U.S.-Russia Relations After the Summit

June 12, 2002 // 12:00am

In a recent discussion at the Kennan Institute, Aleksandr Vladislavlev offered his perspective on the dynamics of Russian politics and U.S.-Russia relations. Vladislavlev contended that Russian politics have evolved from questions about reform to new issues that place the political community and interest groups on opposite sides. He noted further that U.S.-Russia relations have changed dramatically in recent months and praised President Putin's efforts to develop a new Russian foreign policy.

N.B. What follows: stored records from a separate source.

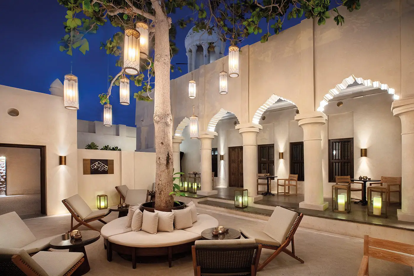 Enter a dream from 1,001 Arabian Nights: Thick coral walls muffle the bustle of the city outside. In the courtyards, birds warble in the shade of trees. You navigate a warren of narrow alleyways, now private, that respect the same footprint from hundreds of years before. The cool interiors offer respite from the blinding Gulf sun, their harmonious furnishings made by local artisans’ hands.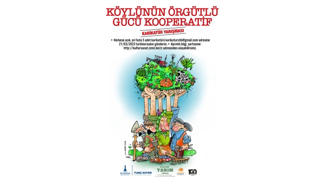 İzmir Büyükşehir Belediyesi “Köylünün Örgütlü Gücü Kooperatif” temasıyla 2’nci kez ulusal karikatür yarışması düzenliyor. Başkan Tunç Soyer’in desteklediği ve kent ile kırsal arasındaki en büyük kopmaz bağ üzerine temellenen kooperatifçilik anlayışı çizgilere konu oluyor. “Köylünün Örgütlü Gücü Kooperatif” Ulusal Karikatür Yarışması için çizerler 21 Mart 2023 tarihine kadar başvuru yapabilecek.
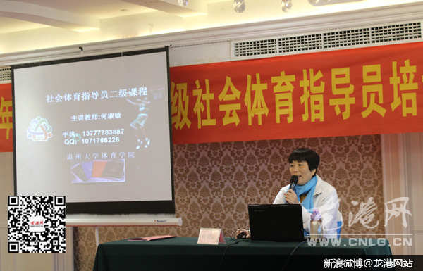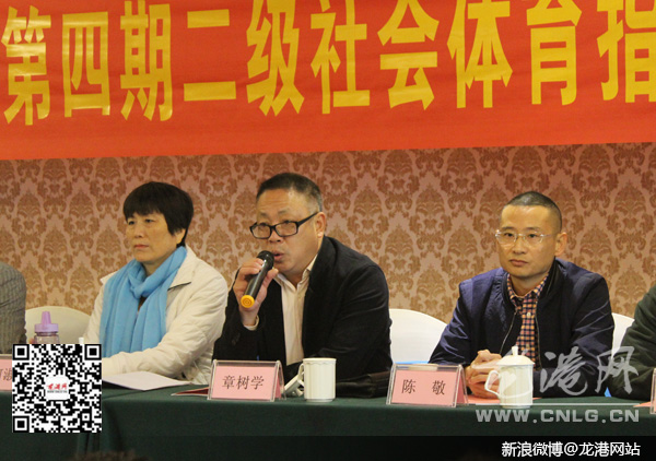 龙港网11月27日讯:为进一步加强对党和国家体育方针、政策的理解,明确当前群众体育工作的重要性和迫切性。加快我市社会体育指导员队伍建设,提高社会体育指导员的思想道德和业务素质,提高社会体育政策理论水平和组织管理能力。11月27—28日,为期两天的社会体育指导员培训班在龙港开班,培训会上讲解了基本知识、管理制度、科学健身指导,以及太极拳、排舞推广等,并对学员进行理论考试。苍南县体育局副局长章树学出席。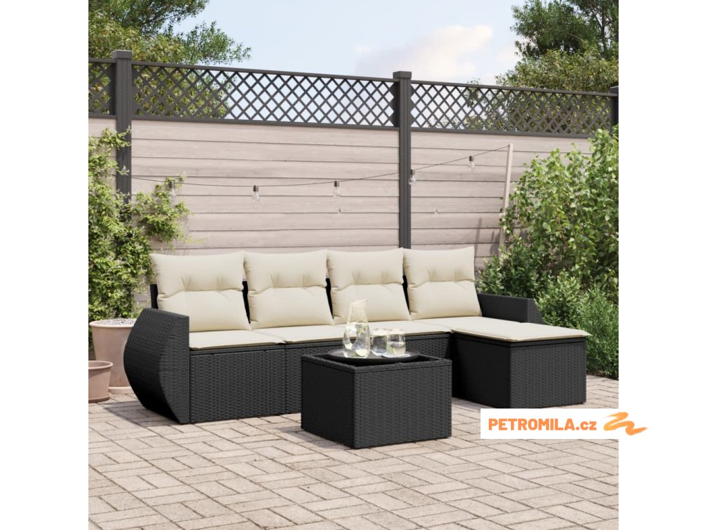 6dílná zahradní sedací souprava s poduškami černá polyratan
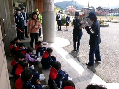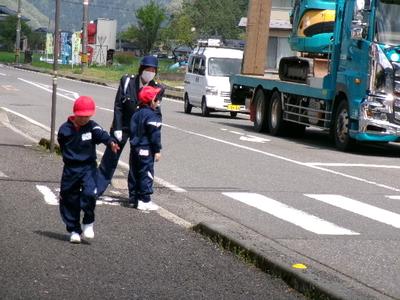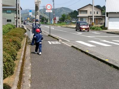 1年生は、交通安全教室を行いました。越前警察署の方や交通指導員の方にご指導いただき、歩行練習を行いました。道路の歩き方や信号の見方、横断歩道の渡り方などを教えていただき、その後、実際に学校周りの道路を歩きました。一人で道路を歩くことがなかった子どももいて、緊張した様子が見られましたが、みんなルールを守って歩くことができました。最後は、警察署員の方のお話や子どもたちが感想を言って終わりました。越前警察署員、交通指導員の皆様、本日はありがとうございました。

According to Vladislavlev, the "mechanism of power" is the largest problem with present Russian politics. Political agreements in Russia are based on compromises between influential special interest groups and government officials. Parties have yet to consolidate to offset the growing number of influential groups and government officials continue to cater to special interest needs. Although this type of arrangement occurs throughout different political regimes, including here in the United States, party systems limit the influence exerted by interest groups.

In order to limit government corruption, Vladislavlev argued, Russia should create a three-party system. Despite the anti-party sentiment in Russia, there is a basis for creating a three-party system consisting of liberals, communists and other political parties. According to Vladislavlev, about 40-45 percent of the Russian population is interested in the different views of Russian political parties, while the other 60 percent can be categorized as liberals or communists.

While many Russians do not follow day-to-day political affairs of the state, most have common political views. Freedom is extremely important to Russians because it is viewed as an instrument of survival. Despite various interpretations, Russians view the government as a provider of order. Finally, most Russians, regardless of party affiliation, expect politicians to recognize the importance of the family.

President Putin has learned many lessons in the past two years and has the skills needed to restore power back to the Kremlin. Under Putin's leadership, an effective three-party system could be created if he would sit down with the leaders of the main political groups. Vladislavlev praised Putin for bringing logic to Russian foreign policy and commented on possible implications for U.S.-Russia relations. During the Cold War, relations between the two sides developed under unnatural conditions because Russia's foreign policy contradicted its own interests. Putin's efforts to engage the West have created a more natural, coherent foreign policy that benefits the Russian Federation.